━━ DATA EXTRACTS

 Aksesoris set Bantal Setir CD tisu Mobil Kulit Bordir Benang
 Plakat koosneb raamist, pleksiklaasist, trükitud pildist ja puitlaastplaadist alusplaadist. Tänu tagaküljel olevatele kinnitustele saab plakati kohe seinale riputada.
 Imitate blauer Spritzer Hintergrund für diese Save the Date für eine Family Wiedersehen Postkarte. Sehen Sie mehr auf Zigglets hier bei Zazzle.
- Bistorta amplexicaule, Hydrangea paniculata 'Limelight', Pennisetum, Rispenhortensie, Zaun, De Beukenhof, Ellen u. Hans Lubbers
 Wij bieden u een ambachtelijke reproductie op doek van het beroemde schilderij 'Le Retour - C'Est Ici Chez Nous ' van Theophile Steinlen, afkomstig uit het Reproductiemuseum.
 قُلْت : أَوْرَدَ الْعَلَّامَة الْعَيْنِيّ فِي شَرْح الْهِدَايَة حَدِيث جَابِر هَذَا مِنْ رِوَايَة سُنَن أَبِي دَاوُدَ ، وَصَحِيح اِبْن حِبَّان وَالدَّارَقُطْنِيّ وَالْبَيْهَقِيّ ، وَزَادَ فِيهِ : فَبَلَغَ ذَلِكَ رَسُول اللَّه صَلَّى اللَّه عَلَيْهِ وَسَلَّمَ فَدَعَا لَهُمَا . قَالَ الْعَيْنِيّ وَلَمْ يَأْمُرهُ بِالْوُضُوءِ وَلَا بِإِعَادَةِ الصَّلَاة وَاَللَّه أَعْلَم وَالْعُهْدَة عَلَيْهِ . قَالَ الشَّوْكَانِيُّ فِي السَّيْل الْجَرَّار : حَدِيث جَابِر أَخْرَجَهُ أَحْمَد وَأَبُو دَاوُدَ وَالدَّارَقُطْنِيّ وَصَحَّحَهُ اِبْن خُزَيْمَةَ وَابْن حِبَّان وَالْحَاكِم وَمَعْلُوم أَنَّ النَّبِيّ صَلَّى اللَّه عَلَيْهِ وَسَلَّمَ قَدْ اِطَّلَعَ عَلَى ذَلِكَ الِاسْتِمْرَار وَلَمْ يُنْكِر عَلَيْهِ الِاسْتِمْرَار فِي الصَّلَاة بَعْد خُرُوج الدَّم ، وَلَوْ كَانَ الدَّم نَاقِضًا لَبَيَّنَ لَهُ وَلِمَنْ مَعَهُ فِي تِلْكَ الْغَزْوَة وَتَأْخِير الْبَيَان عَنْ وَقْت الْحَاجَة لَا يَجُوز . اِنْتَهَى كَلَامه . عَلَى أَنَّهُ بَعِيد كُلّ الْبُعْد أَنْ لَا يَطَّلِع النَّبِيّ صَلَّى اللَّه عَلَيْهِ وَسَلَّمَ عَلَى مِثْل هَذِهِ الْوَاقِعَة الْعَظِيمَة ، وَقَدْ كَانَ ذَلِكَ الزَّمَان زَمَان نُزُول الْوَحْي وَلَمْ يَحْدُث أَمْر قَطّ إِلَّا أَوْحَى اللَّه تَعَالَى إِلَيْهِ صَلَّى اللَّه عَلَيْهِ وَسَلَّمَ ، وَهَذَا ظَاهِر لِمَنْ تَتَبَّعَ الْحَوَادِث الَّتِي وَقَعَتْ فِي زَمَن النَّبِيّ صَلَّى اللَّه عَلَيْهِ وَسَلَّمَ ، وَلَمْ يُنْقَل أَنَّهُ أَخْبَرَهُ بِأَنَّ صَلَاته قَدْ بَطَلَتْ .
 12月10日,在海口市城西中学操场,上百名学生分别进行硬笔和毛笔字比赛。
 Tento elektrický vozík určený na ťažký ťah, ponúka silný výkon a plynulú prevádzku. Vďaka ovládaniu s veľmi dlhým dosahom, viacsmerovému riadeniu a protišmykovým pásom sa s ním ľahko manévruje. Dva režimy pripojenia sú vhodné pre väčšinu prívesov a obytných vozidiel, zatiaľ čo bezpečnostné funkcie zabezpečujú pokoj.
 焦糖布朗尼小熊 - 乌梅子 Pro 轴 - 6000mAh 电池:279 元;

━━━━
━━ DATA EXTRACTS

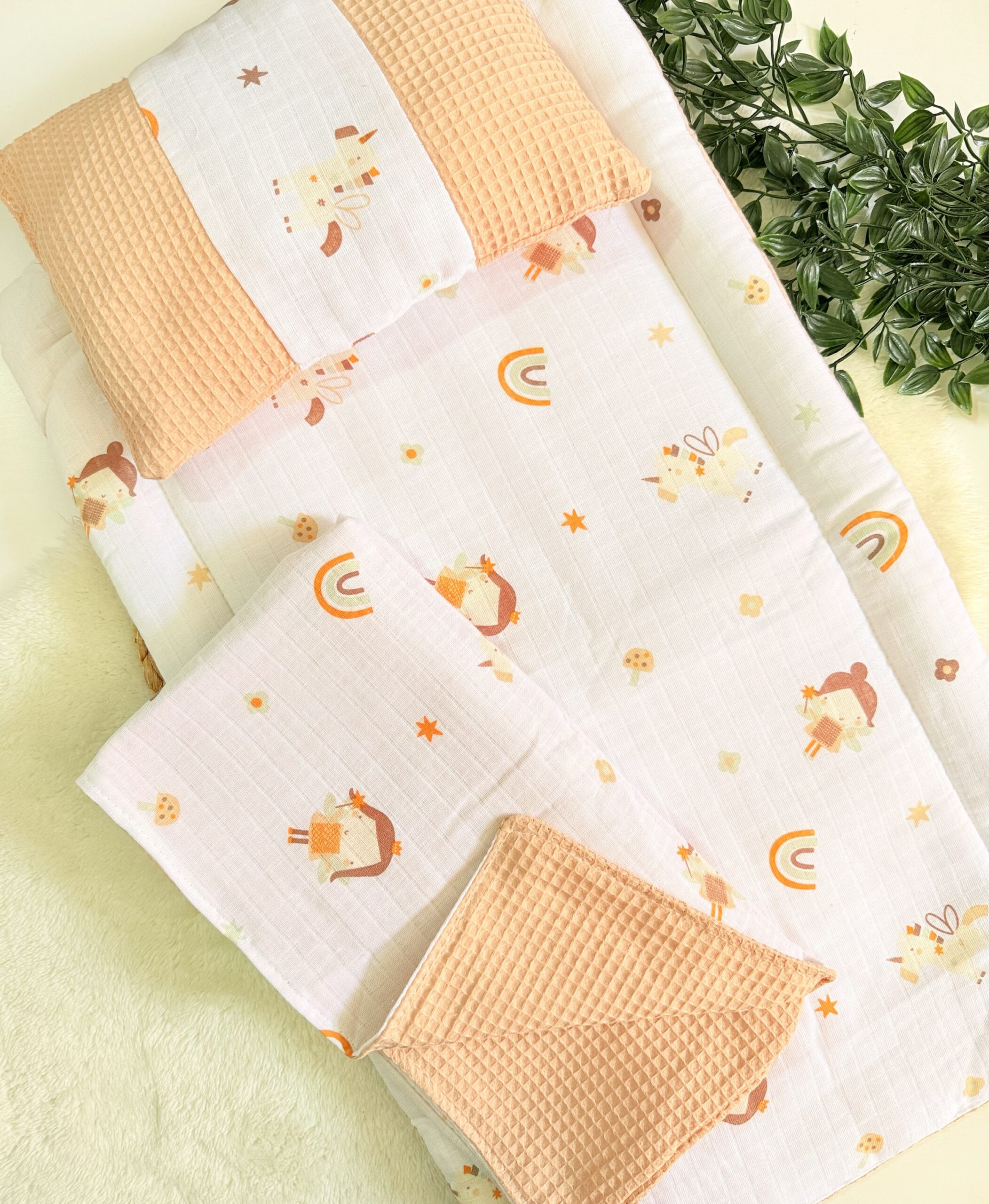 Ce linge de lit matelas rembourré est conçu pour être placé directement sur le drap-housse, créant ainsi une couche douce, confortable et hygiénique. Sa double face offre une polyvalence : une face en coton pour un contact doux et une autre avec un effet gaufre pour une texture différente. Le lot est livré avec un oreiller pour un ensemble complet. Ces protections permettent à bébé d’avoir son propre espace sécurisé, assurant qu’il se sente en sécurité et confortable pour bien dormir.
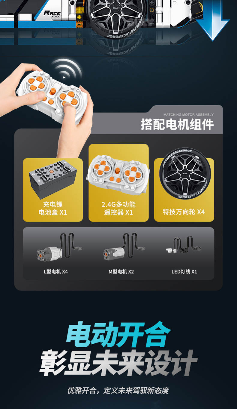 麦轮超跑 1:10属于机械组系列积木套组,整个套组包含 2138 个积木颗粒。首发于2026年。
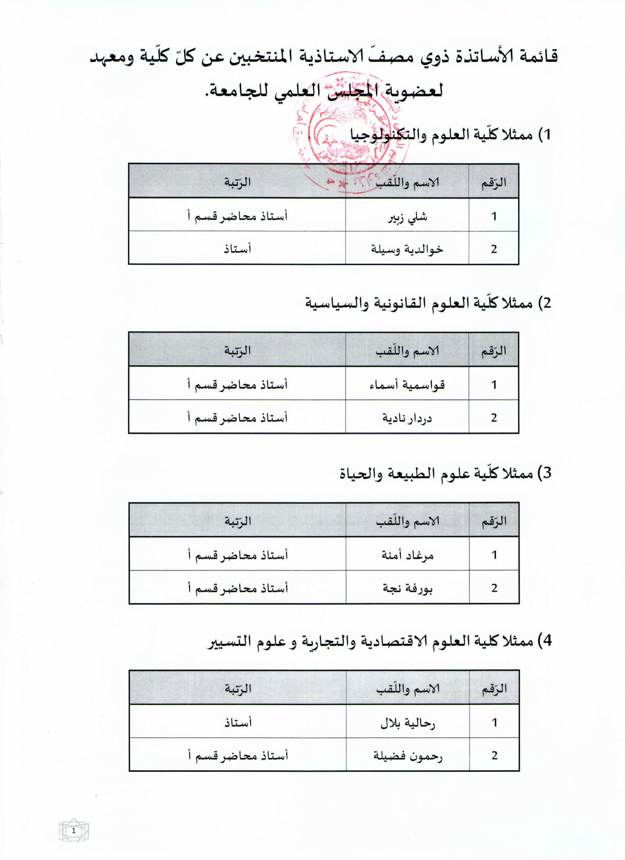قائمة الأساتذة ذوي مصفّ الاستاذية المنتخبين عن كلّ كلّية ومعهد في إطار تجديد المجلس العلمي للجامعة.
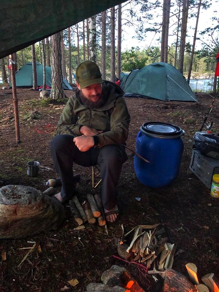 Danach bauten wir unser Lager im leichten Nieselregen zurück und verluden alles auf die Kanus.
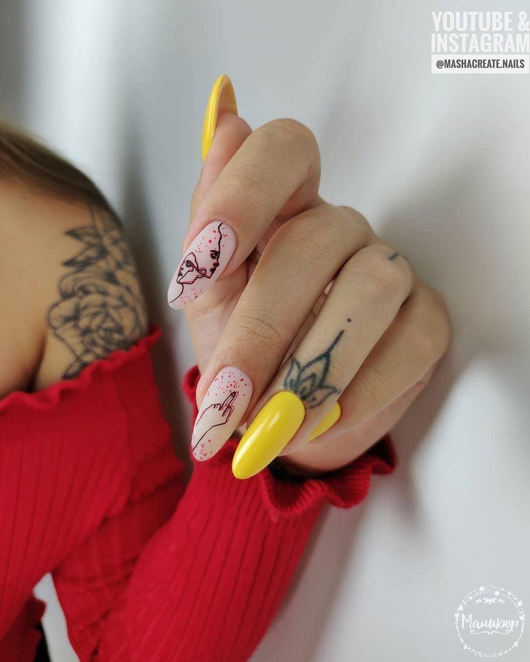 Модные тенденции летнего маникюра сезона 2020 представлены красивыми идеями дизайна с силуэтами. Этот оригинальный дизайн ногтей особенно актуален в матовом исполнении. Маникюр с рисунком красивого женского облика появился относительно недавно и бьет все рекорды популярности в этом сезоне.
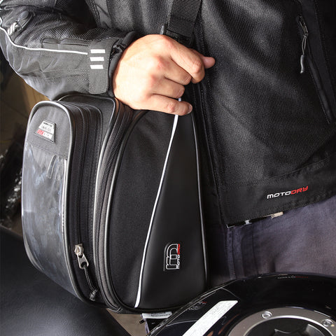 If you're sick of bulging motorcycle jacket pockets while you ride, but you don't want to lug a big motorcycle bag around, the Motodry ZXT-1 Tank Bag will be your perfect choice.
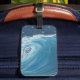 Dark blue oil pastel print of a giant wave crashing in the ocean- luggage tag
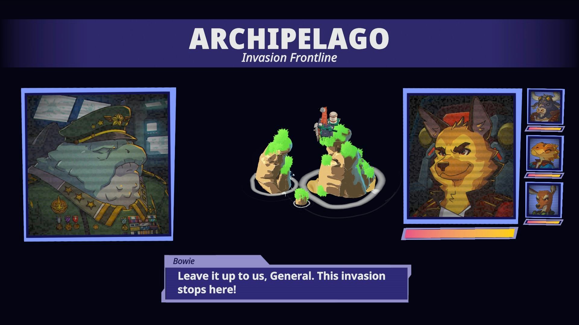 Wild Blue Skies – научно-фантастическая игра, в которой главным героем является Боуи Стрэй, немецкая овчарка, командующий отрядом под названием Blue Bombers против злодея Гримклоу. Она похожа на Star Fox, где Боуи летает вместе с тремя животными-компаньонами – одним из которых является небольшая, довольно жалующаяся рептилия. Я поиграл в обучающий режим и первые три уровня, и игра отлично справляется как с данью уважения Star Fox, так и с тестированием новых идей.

━━━━
━━ DATA EXTRACTS

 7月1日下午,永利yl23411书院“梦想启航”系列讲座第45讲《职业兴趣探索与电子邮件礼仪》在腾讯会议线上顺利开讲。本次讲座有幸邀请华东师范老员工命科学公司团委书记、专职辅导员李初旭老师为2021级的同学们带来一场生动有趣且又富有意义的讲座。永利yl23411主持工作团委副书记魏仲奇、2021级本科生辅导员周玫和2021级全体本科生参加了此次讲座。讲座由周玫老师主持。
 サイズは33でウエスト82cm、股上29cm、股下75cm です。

━━━━

# [ABOUT THIS TASK]
Taking the material above, extract exactly and only the lines from the line with "Plakat koosneb raamist, pleksiklaasist, trükitud" to the line with "Wij bieden u", inclusive of both.

# [WRITTEN RESPONSE]
 Plakat koosneb raamist, pleksiklaasist, trükitud pildist ja puitlaastplaadist alusplaadist. Tänu tagaküljel olevatele kinnitustele saab plakati kohe seinale riputada.
 Imitate blauer Spritzer Hintergrund für diese Save the Date für eine Family Wiedersehen Postkarte. Sehen Sie mehr auf Zigglets hier bei Zazzle.
- Bistorta amplexicaule, Hydrangea paniculata 'Limelight', Pennisetum, Rispenhortensie, Zaun, De Beukenhof, Ellen u. Hans Lubbers
 Wij bieden u een ambachtelijke reproductie op doek van het beroemde schilderij 'Le Retour - C'Est Ici Chez Nous ' van Theophile Steinlen, afkomstig uit het Reproductiemuseum.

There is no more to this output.